Each year the Chartered Financial Analyst (CFA) Institute polls its members on the state of ethics and integrity of markets. The report on the integrity of Canadian markets came out recently showing less confidence in the effectiveness of Canadian regulatory and investor protections than those of other countries.
One part of the poll had respondents rate the ethical behaviour of individual market participants. Here are the results from most ethical to least ethical:
Pension Fund Managers
Mutual Fund Managers
Corporate Boards of Public Companies
Executive Management of Public Companies
Private Equity Managers
Financial Advisors to Private Individuals
Hedge Fund Managers
Note that financial advisors didn’t fare very well in this survey. The comments section on a survey is often more interesting than the dry numbers. Here is what some experts had to say about financial advisors in Canada:
“Investment advice should be provided by investment professionals. Unfortunately, financial/investment advice is too often being given by salespeople with little experience/training.”

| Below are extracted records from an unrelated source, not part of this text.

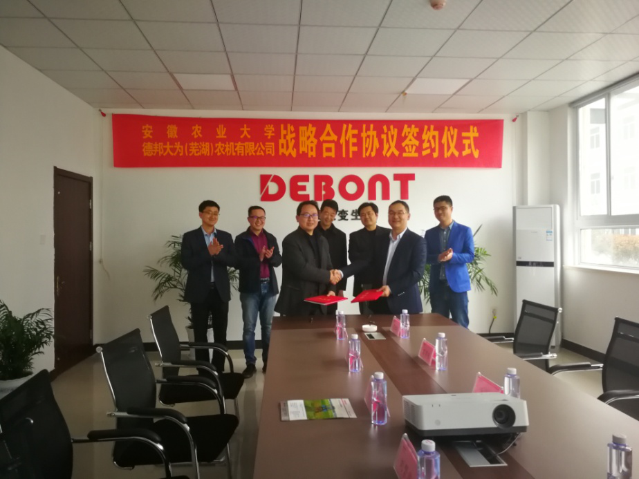 3月20日上午,安徽农业大学工学院和德邦大为(芜湖)农机有限公司产学研合作协议签约暨“产学研实践基地”揭牌仪式在芜湖市德邦大为(芜湖)农机有限公司举行。工学院陈黎卿副院长、三山区委苏明家副区长、芜湖市农机管理局潘家庐局长、德邦大为(芜湖)农机有限公司刘丹执行副总裁和农机系相关老师等出席签约暨揭牌仪式。
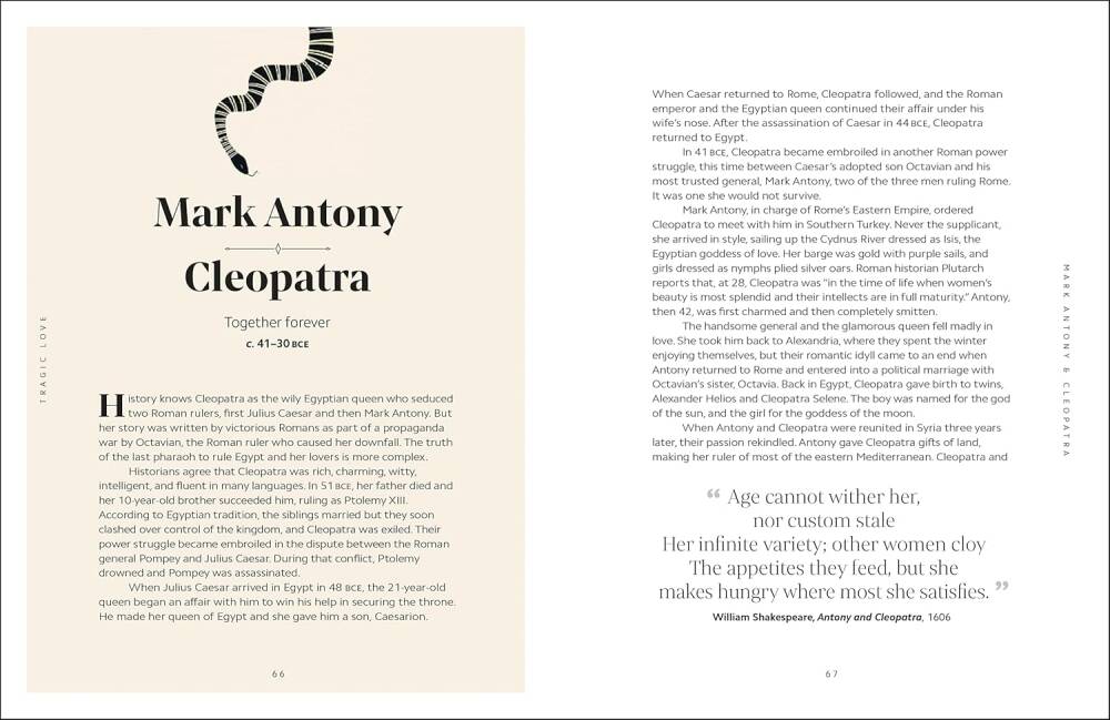 Great Loves, tarihin en ünlü romantik ilişkilerini—neşeli, trajik ve epik—tek bir çarpıcı görsel rehberde sunarak, yaş, ırk, cinsiyet veya yönelim fark etmeksizin, aşkın her zaman güçlü bir kuvvet olduğunu gösteriyor.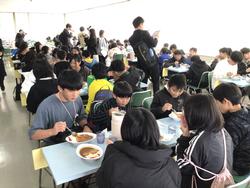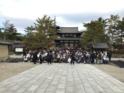 予定より30分早く法隆寺に着きました。先に学年写真を撮ってから昼食にしました。みんなお待ちかねのカツカレーです。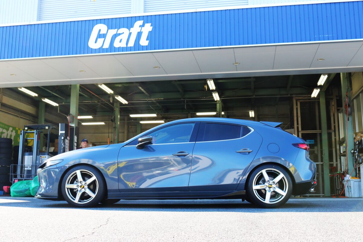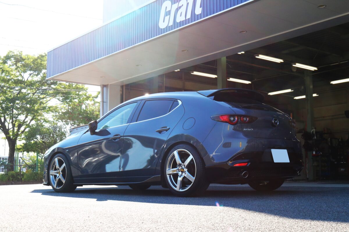 マツダ3ファストバックをTEINのフレックスZでローダウン!!更にMIDエクスクルーシブ050Fの18インチ装着。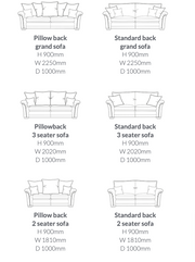 Scatter Cushions:2 x large scatter cushions, 2 x small scatter cushions (piped edges) & 1 x lumbar cushion

“Financial advisers to private individuals are too motivated by the commission they receive on certain products and recommend them to investors regardless of whether or not they meet their investment criteria.”
“The compensation system for financial professionals needs to be changed. All fees should, like a dentist’s or lawyer’s fees, be billed to the clients. This is especially true for financial advisers to private individuals who extract enormous fees for ‘distribution’ unseen to clients as they are bundled as part of mutual fund management fees.”
This last suggestion sounds quite sensible to me. The fees people pay should be visible. Many Canadians would be shocked to learn how much they pay their financial advisors.